Equivalent conditions for a measurability restriction?

[economicsnerd]

Let Z:= A^T, where T is a countable set and A is a finite set. Under the product topology, Z is a compact metrizable space. (As a special case, notice that Z could be the Cantor set).

Given a closed set X \subseteq Z, I'm interested in answering the question, "Does there exist some partition \mathcal P of T such that X = \{f \in Z: \enspace f \text{ is } \mathcal P\text{-measurable}\}?"

Is anybody here aware of any alternative formulations of the above question? For example, is there a topological characterization?

 

[micromass]

What do you mean with measurable with respect to a partition?

 

[economicsnerd]

What do you mean with measurable with respect to a partition?

Sorry, I could have been clearer...

I meant measurable functions (T, \Sigma)\to (A, 2^A), where \Sigma is the \sigma-algebra generated by \mathcal P.

 

[micromass]

Given a single function $f$, this is a closed set $\{f\}$. Clearly the coarsest $\sigma$-algebra that makes $f$ measurable is

\sigma(f) := \{f^{-1}(E)~\vert~E\subseteq A\}

This is clearly generated by the partition $\{f^{-1}(a)~\vert~a\in A\}$.
But any function constant on the partition is also measurable. In particular, the globally constant functions are measurable. So there is no $\sigma$-algebra which only makes $f$ measurable. So the answer is negative because it fails for $\{f\}$.

 

[economicsnerd]

Right. So (given nontrivial A) it's not true for singleton X, and therefore not true for arbitrary closed X.
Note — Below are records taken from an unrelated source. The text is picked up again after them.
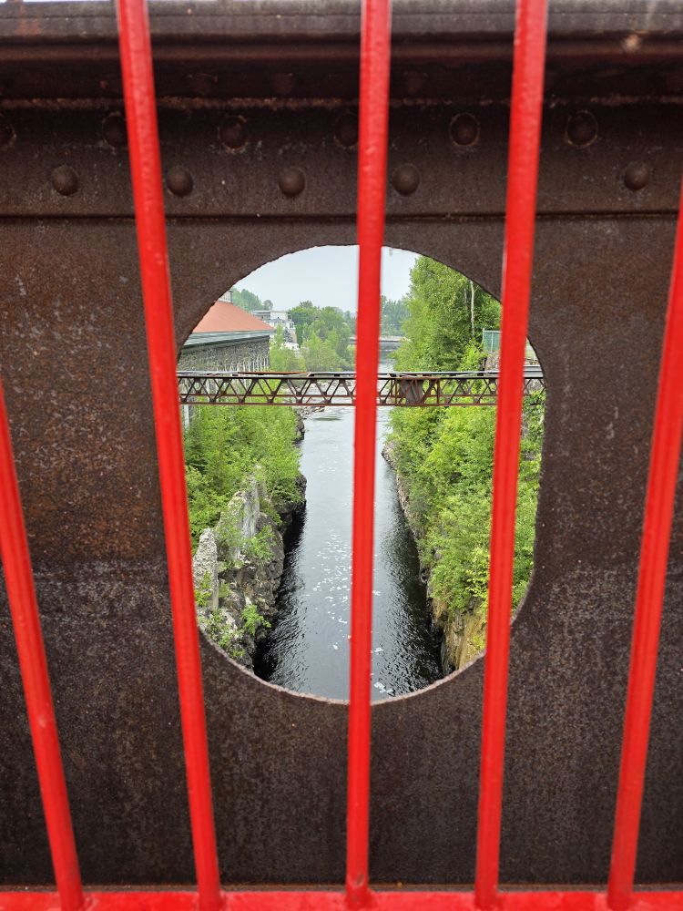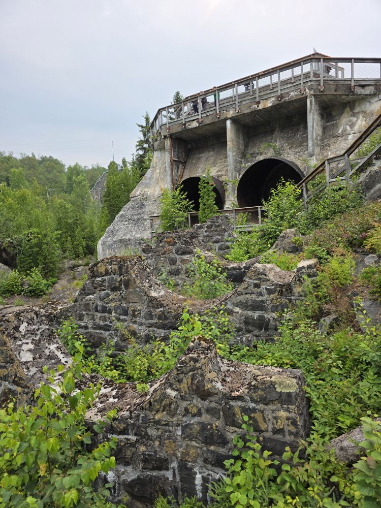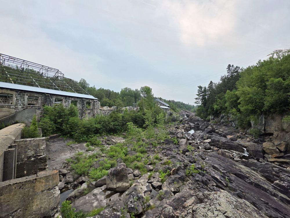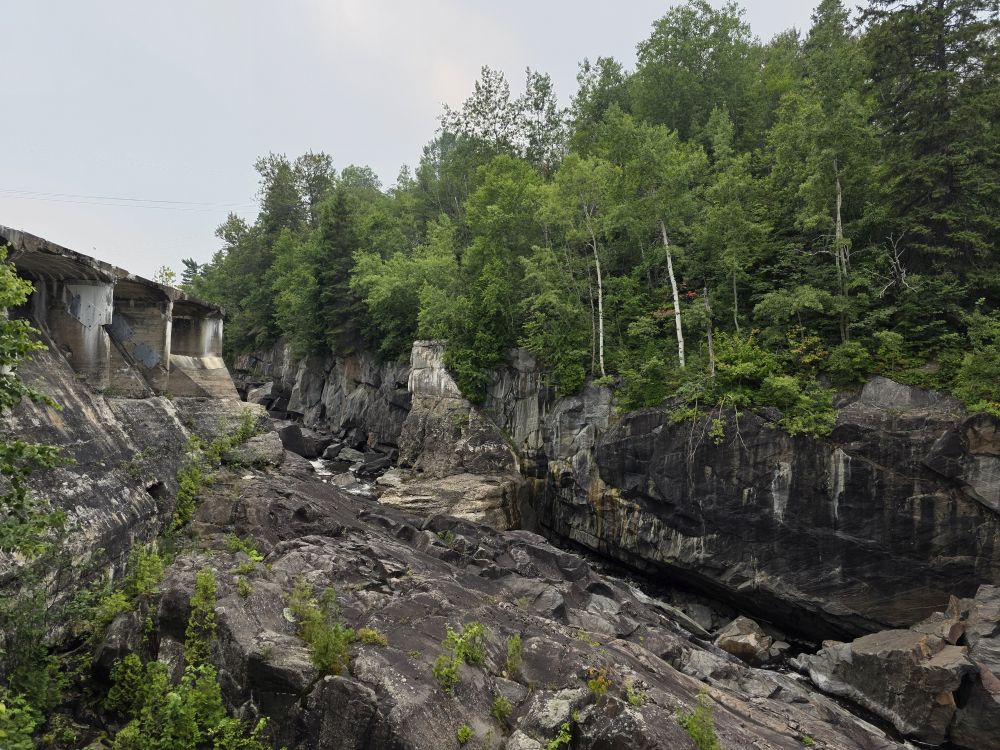 From here, we were able to go outside and wander through the old Pulperie factory grounds. Winding our way up and around all the remains of the old buildings – which ceased operations in 1930 and then were damaged in the 1996 Saguenay flood. Even though it is ruins, and just a pulp and paper factory, the contrast between the green foliage, the black Saguenay stream rocks and the multi-colored stones used to build the factory still make for a really pretty and nice stroll through the grounds. On our way out, we pass by the memorial to the former workers of the pulp factory – created from a remnant of the concrete retaining wall of the old factory. And then we are off to the Flood museum, just down the road.
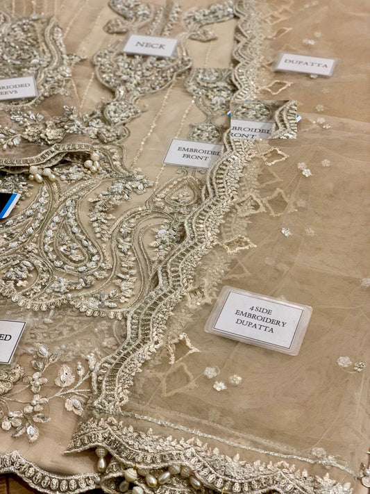 Maria b Heavy Embroidered Skin Formal Soft Net Wedding & Party Wear Dress 2025
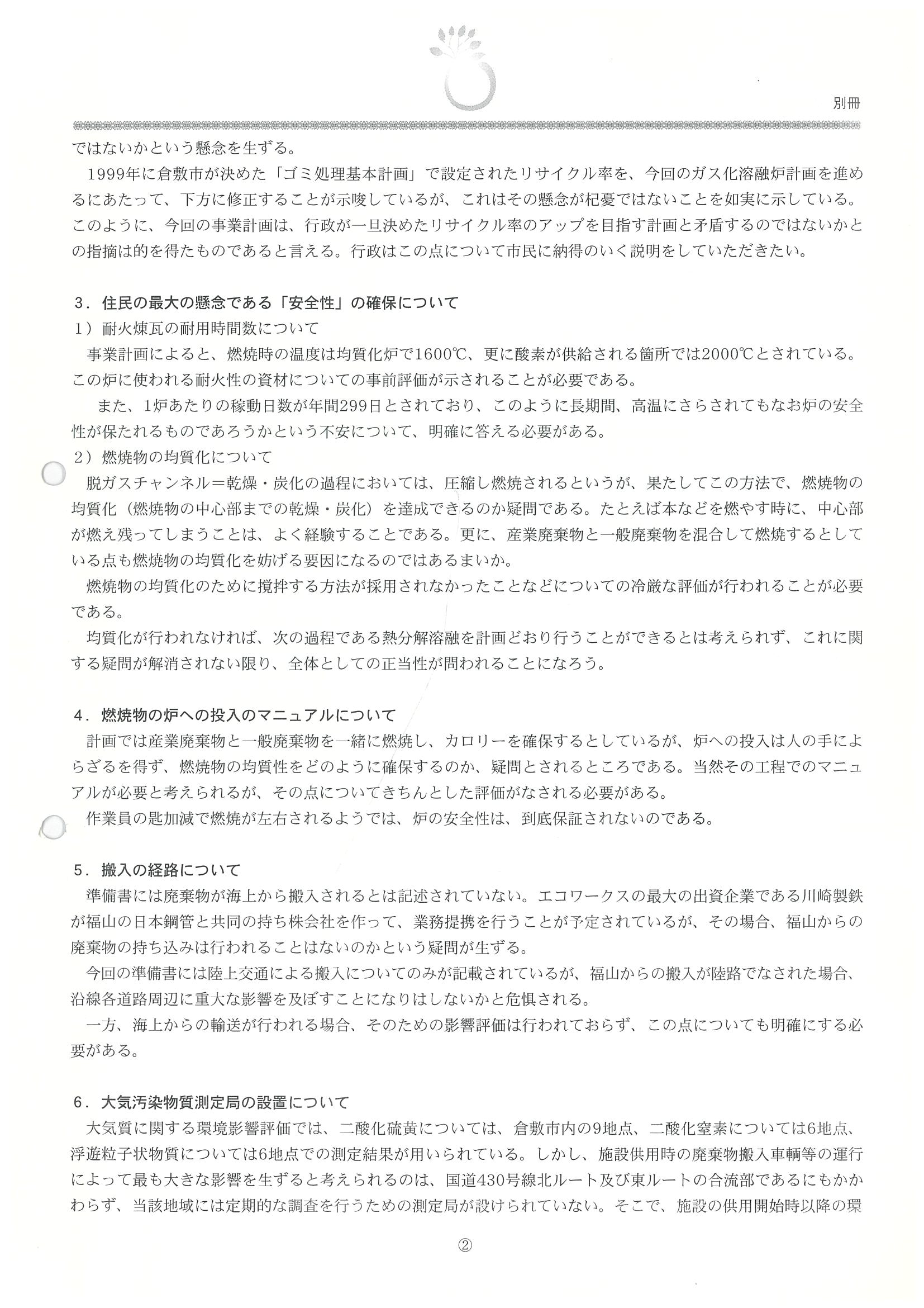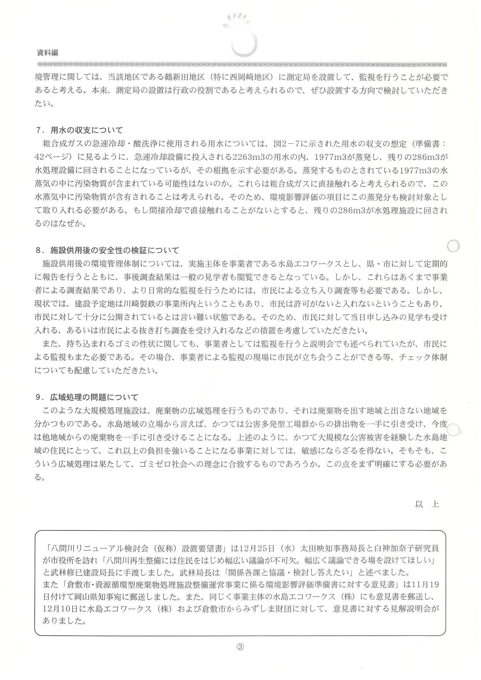 資料:倉敷市・資源循環型廃棄物処理施設整備運営事業に係る環境影響評価準備書に対する意見書

What I'm after is a proposition of the form:

``Given a closed set X \subseteq Z:

\Phi(X) \iff \exists\mathcal P\text{ such that } X = \{f \in Z: \enspace f \text{ is } \mathcal P\text{-measurable}\} \text{''}
where \Phi(X) is some other axiom about X, possibly some topological statement.

Said differently, I'm wondering what statements are true of members of \bigg\{ \{f \in Z: \enspace f \text{ is } \mathcal P\text{-measurable}\}: \enspace \mathcal P \text{ partition of } T\bigg\} and fail for every other closed subset of Z.

Again, apologies for any lack of clarity (and for being long-winded).

 

[economicsnerd]

I have some vague notion that there's an equivalent condition involving retractions.